Amazon and Google now have company in the game-streaming wars—in the form of a major game publisher, no less. On Thursday, Microsoft announced its acquisition of a burgeoning game-streaming service called Beam, and its mix of unique features and exclusive game integration should get the attention of the streaming world’s current leaders.
Beam, which is headquartered down the road from Microsoft in Redmond, WA, is built around gamification features that encourage and reward active participation. The more you watch and interact with Beam, the more Beam XP you earn, which can be spent on in-game votes, cosmetic boosts, and other perks within the Beam interface. (Some of these boosts can only be earned when Beam doesn’t recognize the use of ad-blocking services.) Like Twitch, Beam offers an SDK to game developers for integration with their games, but Beam’s interface has been built from the ground up to display tappable icons on both desktop and mobile platforms to alter or influence a myriad of factors in a given game. We imagine that will make “Beam Plays” sessions smoother to build, even for game fans who are inserting crowd-participation experiments into existing games.
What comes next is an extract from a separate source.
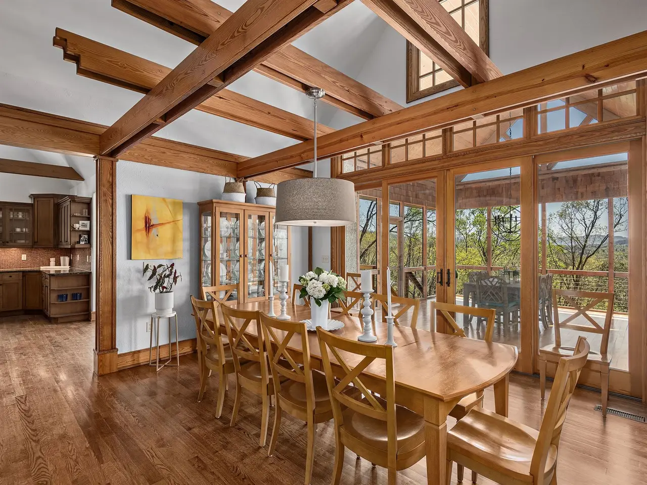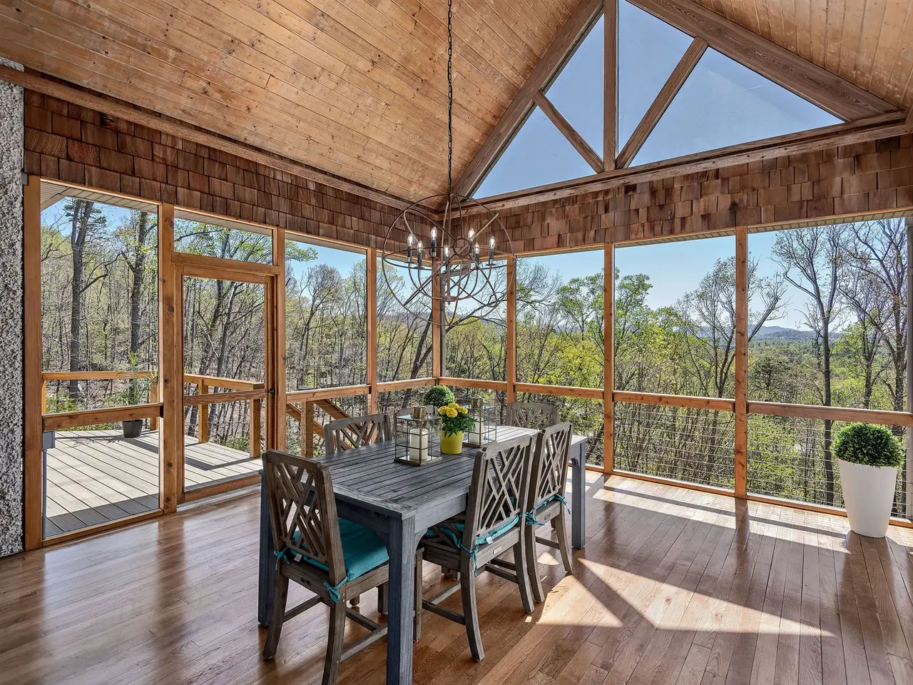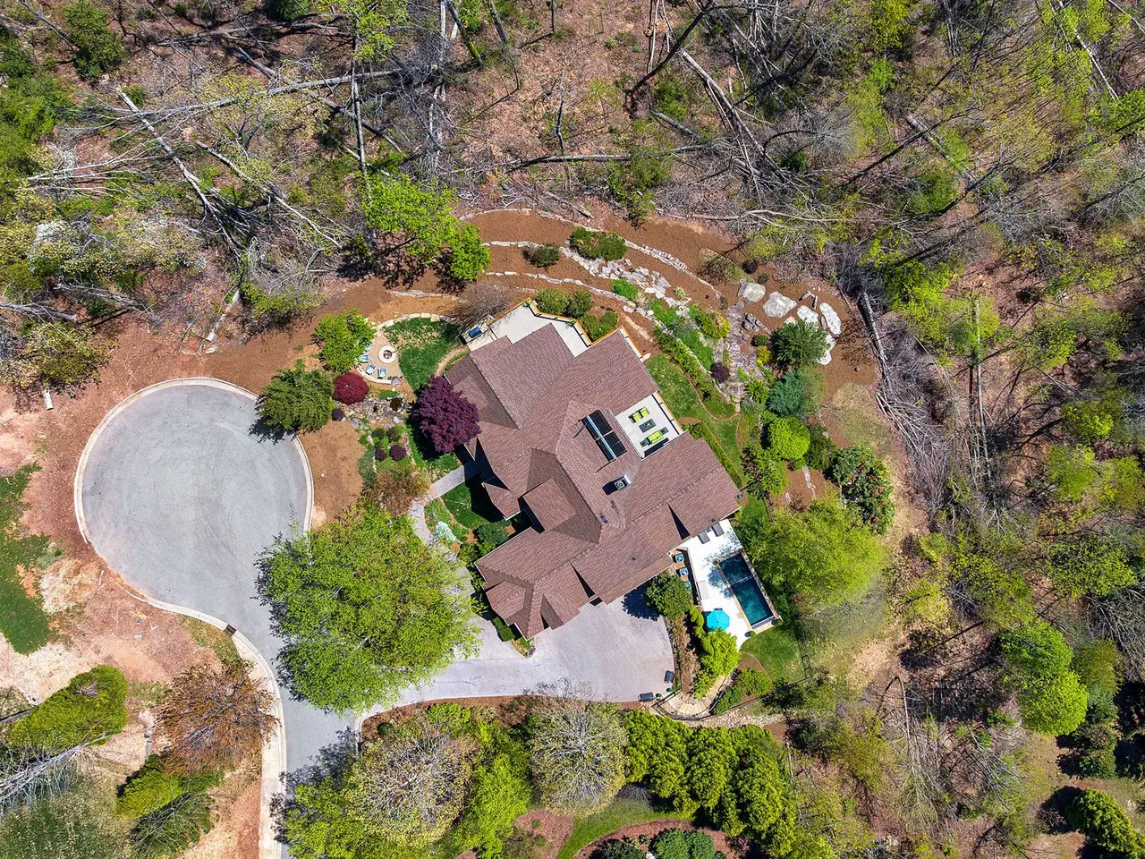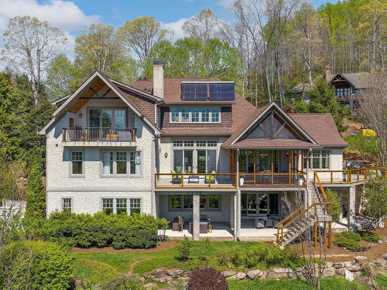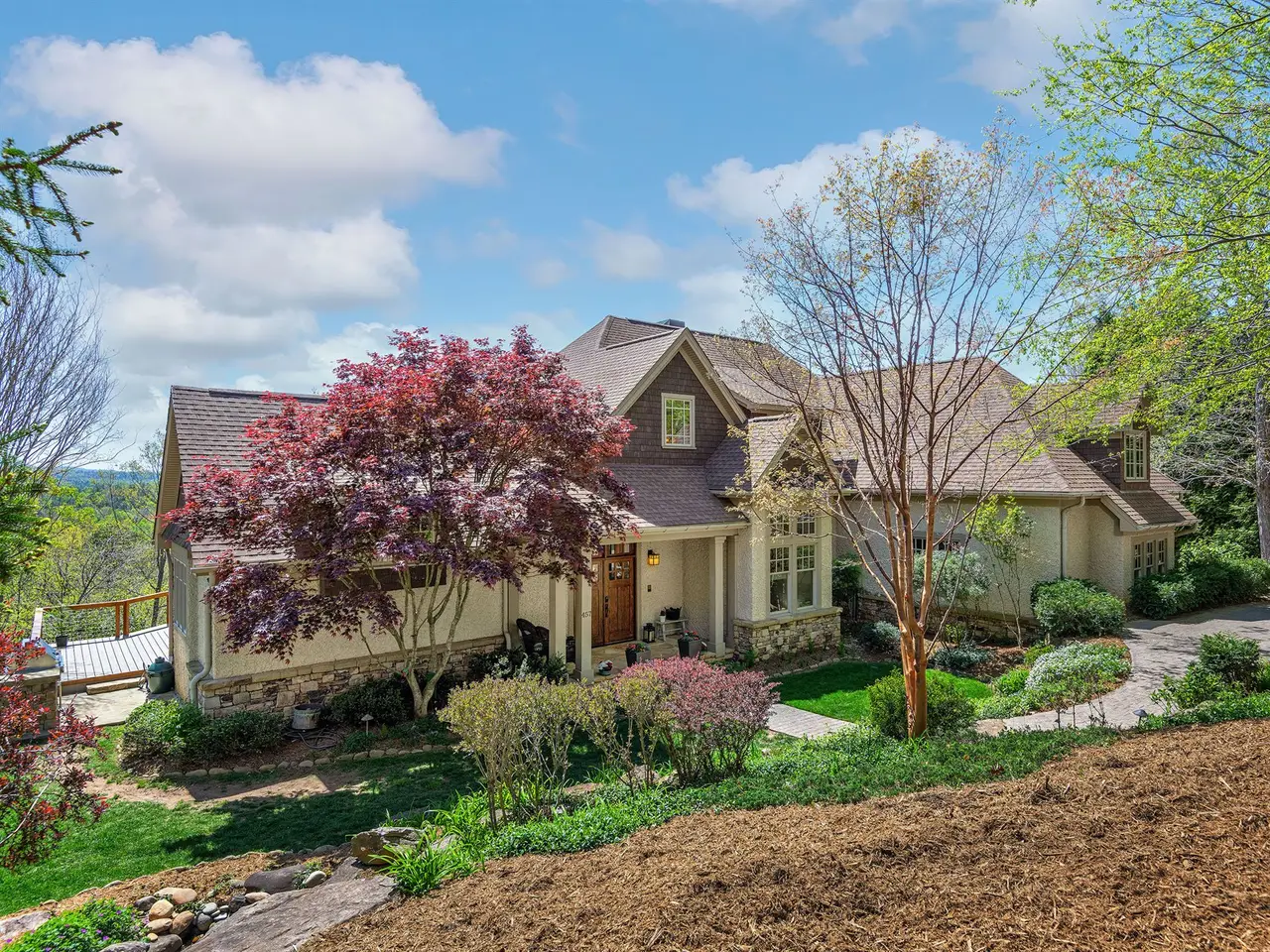 Rising above Biltmore Park and tucked away at the end of its most coveted street, this home artfully combines timeless elegance, natural beauty, and sweeping long-range views. Slate stone entry gives way to dramatic trellised beamed ceilings and spectacular windows that create a luminous, airy ambiance. Rich architectural details including locally milled hardwood floors, interior doors & trim showcase impeccable craftsmanship. A dreamy gourmet kitchen features white oak custom cabinetry, elegant granite, and stainless steel. New composite open deck and covered screened porch beckon precious contemplative moments. Solar power supplies radiant floor heating. The upstairs primary bedroom with private covered balcony and spectacular views is a peaceful sanctuary. Need more space? A versatile daylight basement offers a spacious family room, full kitchen, bedrooms, bath w/ steam shower & covered outdoor space. Wood-burning fireplaces with gas starters. Rare three-car garage. Exquisite pool.

Microsoft apparently won’t waste much time jumping on this interactive aspect, as its announcements talked a lot about how Minecraft games can be altered by Beam’s audience-participation systems—the company showed some video proof, to boot. Viewers can spawn bad guys, make volcanoes erupt, and do more via a clean, button-controlled interface. Beam will also support team-based streaming, which Microsoft has begun advertising by talking about its not-yet-released Xbox and PC game Sea of Thieves. (That game revolves around teams of players talking to each other while managing parallel objectives, including the simultaneous piloting, repair, and combat systems in its zany pirate ships.)